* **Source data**
______________________________

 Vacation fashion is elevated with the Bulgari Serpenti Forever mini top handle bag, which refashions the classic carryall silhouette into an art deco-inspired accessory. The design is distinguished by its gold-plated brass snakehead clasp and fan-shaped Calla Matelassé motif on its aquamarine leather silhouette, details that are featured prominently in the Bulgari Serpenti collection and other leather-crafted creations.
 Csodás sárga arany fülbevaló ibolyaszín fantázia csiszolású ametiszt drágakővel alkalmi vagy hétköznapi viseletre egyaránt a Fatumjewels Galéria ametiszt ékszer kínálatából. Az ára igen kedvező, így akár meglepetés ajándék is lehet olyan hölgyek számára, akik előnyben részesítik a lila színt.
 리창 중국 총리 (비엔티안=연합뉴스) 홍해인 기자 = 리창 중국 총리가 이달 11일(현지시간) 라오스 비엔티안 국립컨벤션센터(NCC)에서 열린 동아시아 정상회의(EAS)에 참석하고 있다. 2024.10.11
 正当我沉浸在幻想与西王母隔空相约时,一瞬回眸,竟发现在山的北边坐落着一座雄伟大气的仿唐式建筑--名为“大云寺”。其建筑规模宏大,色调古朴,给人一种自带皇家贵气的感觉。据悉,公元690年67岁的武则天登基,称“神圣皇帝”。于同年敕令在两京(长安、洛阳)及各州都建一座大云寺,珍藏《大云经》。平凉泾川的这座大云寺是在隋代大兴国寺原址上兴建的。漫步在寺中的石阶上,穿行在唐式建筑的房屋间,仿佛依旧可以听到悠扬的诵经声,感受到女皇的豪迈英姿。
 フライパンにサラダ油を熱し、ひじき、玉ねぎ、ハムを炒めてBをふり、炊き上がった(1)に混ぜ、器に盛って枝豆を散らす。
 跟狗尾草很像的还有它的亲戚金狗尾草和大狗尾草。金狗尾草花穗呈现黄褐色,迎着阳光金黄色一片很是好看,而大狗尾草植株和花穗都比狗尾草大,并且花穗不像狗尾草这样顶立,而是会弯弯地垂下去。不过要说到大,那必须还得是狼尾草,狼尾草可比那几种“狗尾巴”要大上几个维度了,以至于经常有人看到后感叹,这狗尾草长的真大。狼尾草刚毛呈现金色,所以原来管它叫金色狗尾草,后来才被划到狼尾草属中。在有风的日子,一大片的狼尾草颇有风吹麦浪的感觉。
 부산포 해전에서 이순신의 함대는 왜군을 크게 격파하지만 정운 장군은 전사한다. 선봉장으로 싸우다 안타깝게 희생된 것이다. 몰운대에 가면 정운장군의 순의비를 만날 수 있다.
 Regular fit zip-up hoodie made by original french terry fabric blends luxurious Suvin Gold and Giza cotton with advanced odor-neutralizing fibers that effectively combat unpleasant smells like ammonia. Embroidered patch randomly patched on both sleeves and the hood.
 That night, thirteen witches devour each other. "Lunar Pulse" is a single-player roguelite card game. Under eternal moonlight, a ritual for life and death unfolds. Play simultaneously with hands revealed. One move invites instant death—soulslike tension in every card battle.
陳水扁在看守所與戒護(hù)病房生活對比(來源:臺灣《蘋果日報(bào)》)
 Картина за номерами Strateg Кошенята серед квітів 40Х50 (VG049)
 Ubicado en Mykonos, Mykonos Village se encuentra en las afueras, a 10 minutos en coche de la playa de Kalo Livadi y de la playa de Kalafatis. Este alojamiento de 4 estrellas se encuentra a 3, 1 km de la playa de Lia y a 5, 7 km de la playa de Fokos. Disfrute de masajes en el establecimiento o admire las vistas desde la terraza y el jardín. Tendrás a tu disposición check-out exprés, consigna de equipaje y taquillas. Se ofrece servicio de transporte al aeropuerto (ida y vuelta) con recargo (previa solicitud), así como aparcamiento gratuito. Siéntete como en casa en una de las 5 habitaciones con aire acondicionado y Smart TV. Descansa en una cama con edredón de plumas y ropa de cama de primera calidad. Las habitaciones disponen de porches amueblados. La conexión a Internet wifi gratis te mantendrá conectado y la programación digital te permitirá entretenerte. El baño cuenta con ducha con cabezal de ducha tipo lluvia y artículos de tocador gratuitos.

______________________________

Could you give the records above again, exactly and in full?

 Vacation fashion is elevated with the Bulgari Serpenti Forever mini top handle bag, which refashions the classic carryall silhouette into an art deco-inspired accessory. The design is distinguished by its gold-plated brass snakehead clasp and fan-shaped Calla Matelassé motif on its aquamarine leather silhouette, details that are featured prominently in the Bulgari Serpenti collection and other leather-crafted creations.
 Csodás sárga arany fülbevaló ibolyaszín fantázia csiszolású ametiszt drágakővel alkalmi vagy hétköznapi viseletre egyaránt a Fatumjewels Galéria ametiszt ékszer kínálatából. Az ára igen kedvező, így akár meglepetés ajándék is lehet olyan hölgyek számára, akik előnyben részesítik a lila színt.
 리창 중국 총리 (비엔티안=연합뉴스) 홍해인 기자 = 리창 중국 총리가 이달 11일(현지시간) 라오스 비엔티안 국립컨벤션센터(NCC)에서 열린 동아시아 정상회의(EAS)에 참석하고 있다. 2024.10.11
 正当我沉浸在幻想与西王母隔空相约时,一瞬回眸,竟发现在山的北边坐落着一座雄伟大气的仿唐式建筑--名为“大云寺”。其建筑规模宏大,色调古朴,给人一种自带皇家贵气的感觉。据悉,公元690年67岁的武则天登基,称“神圣皇帝”。于同年敕令在两京(长安、洛阳)及各州都建一座大云寺,珍藏《大云经》。平凉泾川的这座大云寺是在隋代大兴国寺原址上兴建的。漫步在寺中的石阶上,穿行在唐式建筑的房屋间,仿佛依旧可以听到悠扬的诵经声,感受到女皇的豪迈英姿。
 フライパンにサラダ油を熱し、ひじき、玉ねぎ、ハムを炒めてBをふり、炊き上がった(1)に混ぜ、器に盛って枝豆を散らす。
 跟狗尾草很像的还有它的亲戚金狗尾草和大狗尾草。金狗尾草花穗呈现黄褐色,迎着阳光金黄色一片很是好看,而大狗尾草植株和花穗都比狗尾草大,并且花穗不像狗尾草这样顶立,而是会弯弯地垂下去。不过要说到大,那必须还得是狼尾草,狼尾草可比那几种“狗尾巴”要大上几个维度了,以至于经常有人看到后感叹,这狗尾草长的真大。狼尾草刚毛呈现金色,所以原来管它叫金色狗尾草,后来才被划到狼尾草属中。在有风的日子,一大片的狼尾草颇有风吹麦浪的感觉。
 부산포 해전에서 이순신의 함대는 왜군을 크게 격파하지만 정운 장군은 전사한다. 선봉장으로 싸우다 안타깝게 희생된 것이다. 몰운대에 가면 정운장군의 순의비를 만날 수 있다.
 Regular fit zip-up hoodie made by original french terry fabric blends luxurious Suvin Gold and Giza cotton with advanced odor-neutralizing fibers that effectively combat unpleasant smells like ammonia. Embroidered patch randomly patched on both sleeves and the hood.
 That night, thirteen witches devour each other. "Lunar Pulse" is a single-player roguelite card game. Under eternal moonlight, a ritual for life and death unfolds. Play simultaneously with hands revealed. One move invites instant death—soulslike tension in every card battle.
陳水扁在看守所與戒護(hù)病房生活對比(來源:臺灣《蘋果日報(bào)》)
 Картина за номерами Strateg Кошенята серед квітів 40Х50 (VG049)
 Ubicado en Mykonos, Mykonos Village se encuentra en las afueras, a 10 minutos en coche de la playa de Kalo Livadi y de la playa de Kalafatis. Este alojamiento de 4 estrellas se encuentra a 3, 1 km de la playa de Lia y a 5, 7 km de la playa de Fokos. Disfrute de masajes en el establecimiento o admire las vistas desde la terraza y el jardín. Tendrás a tu disposición check-out exprés, consigna de equipaje y taquillas. Se ofrece servicio de transporte al aeropuerto (ida y vuelta) con recargo (previa solicitud), así como aparcamiento gratuito. Siéntete como en casa en una de las 5 habitaciones con aire acondicionado y Smart TV. Descansa en una cama con edredón de plumas y ropa de cama de primera calidad. Las habitaciones disponen de porches amueblados. La conexión a Internet wifi gratis te mantendrá conectado y la programación digital te permitirá entretenerte. El baño cuenta con ducha con cabezal de ducha tipo lluvia y artículos de tocador gratuitos.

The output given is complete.